This Green Peace advertisement I think does an amazing job of not going through the typical rhetoric of just listing random facts and figures saying that Tropical Rainforest deforestation is a bad thing. Instead they get us to see the issue as if someone were to rip into our home and tear it to shreds with chainsaws and bulldozers.
We are then blasted by images of various primates that, as many of us know, are our closest genetic relatives. They capture images that resemble panic, fear, and a very anxious state of being as the process of deforestation begins taking place. The advertisement is very effective at placing those that sympathize with animal rights in a position that would make those individuals want to take action; for those that typically do not care about animal welfare, we see the wasteland that is left after the logging process and see trucks ripping out of the rainforest.
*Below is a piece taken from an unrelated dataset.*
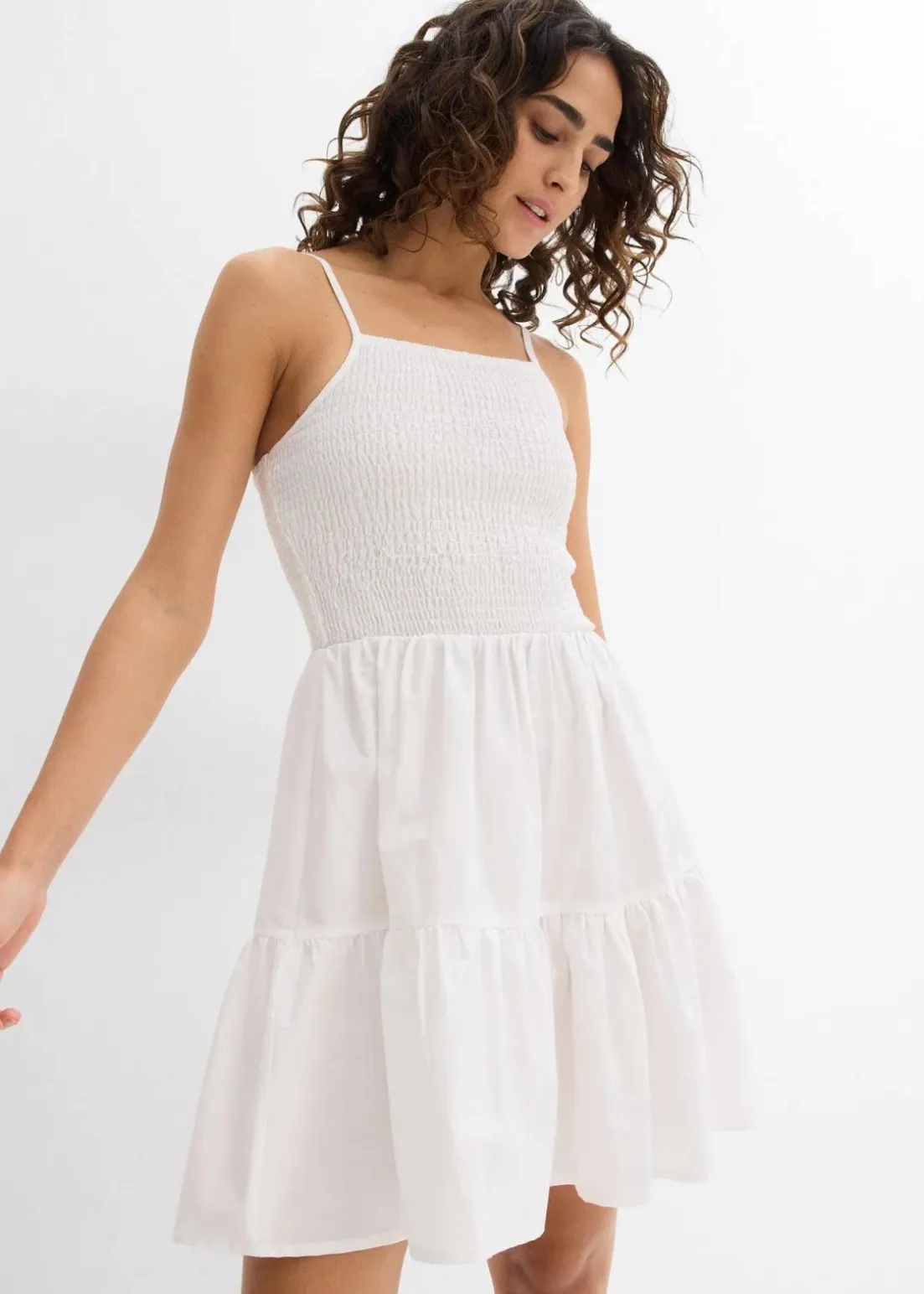 Trägerkleid aus reiner Bio-Baumwolle mit Volants und Smok

What we later see is the shadow, or perhaps ghosts of the animals that were displaced from the destruction of their home. Where are they to go now?
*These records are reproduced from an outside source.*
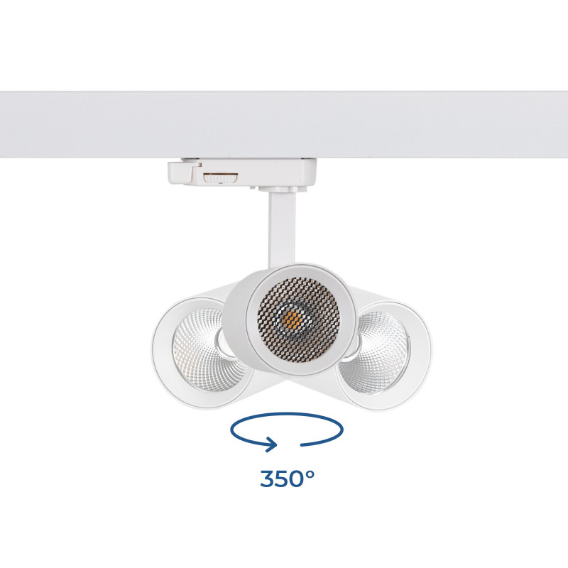 Este proyector LED para carril trifásico destaca por su fiabilidad y una excelente reproducción de color, ideal para resaltar productos o detalles en espacios comerciales.
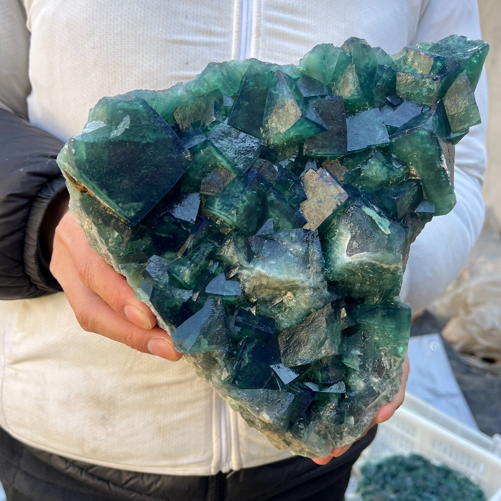 This stunning green fluorite cluster is absolutely mesmerizing! The natural cube formations and vibrant color make it a perfect display piece. It arrived well-packaged and looks even better in person—great size and weight for the price. A must-have for crystal lovers! Seller provided excellent service too. Highly recommend!
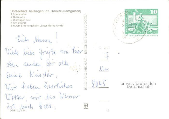 72357330 alte Postkarte Dierhagen Ostseebad Bootshafen Strand FDGB-Erholungsheim Ernst Moritz Arndt postalisch gelaufen Erhaltung siehe scans KatCode: 11110013057022
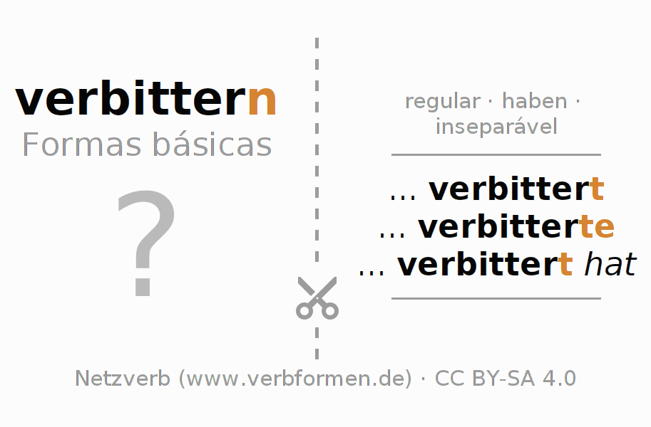 A Tabela de verbo resume todas as formas verbais do verbo verbittern em uma só tabela.

The politics I feel is the balance of maintaining ecosystems for various reasons, aesthetic beauty, future resources from the plants, ethics such as animal welfare, whatever the reason we should want to stop these things from happening because they apply to us in different ways depending on our culture and what we find as important. As we have discussed in class, urban dwellers are the main people that seek to escape from the grind and get to the great outdoors. What if we had no place to go since we tore it all down? Perhaps we were raised with modern medicine values, what if we could not produce the many organic based drugs any longer because we killed off all the important drug producing plants. Maybe, We were raised with Environmentalists that value responsible deforestation and cycling different areas so we can maintain the ecosystem at that location.
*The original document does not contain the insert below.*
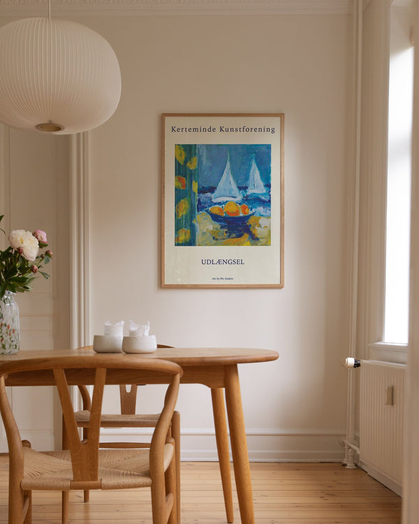 The art poster: “Udlængsel” by the artist Per Anders is a painted and graphic poster made exclusively for Peléton. This is a high-quality reproduction of the original artwork with a colorful museum layout. It has been important for Per Anders that the poster is open to interpretation.

The nature vs civilization aspect also occurs, I feel at the heart of this is do developing nations desire money to bring their country's standard of living to that of Europe, and America, even though that means ripping the rainforest out for monetary gain to drive this economic development.
Great post! The question you bring up towards the end is a very interesting one to ruminate upon. Developing nations are resorting to exploiting the natural resources/goods their lands provide to reach that economic status of more developed nations. While aspiring to further their social/economic capital is great, the cost at which they are aspiring to do this is great, and in the grand scheme of things, is actually short lived. For a short term gain, these nations are forgoing a long term plus for the world. It would be great if the developed nations could step in and guide these developing nations, collaborate and help instead of fight for resources or compete for rankings in the market.
ReplyDeleteThat's a super-smart ad, and I was watching it with my feet on a Honduras mahogany coffee table I built years ago, when that was one of the cheapest lumbers around. Now it's embargoed. Good issue and good appeal to our love of the vanishing / woods.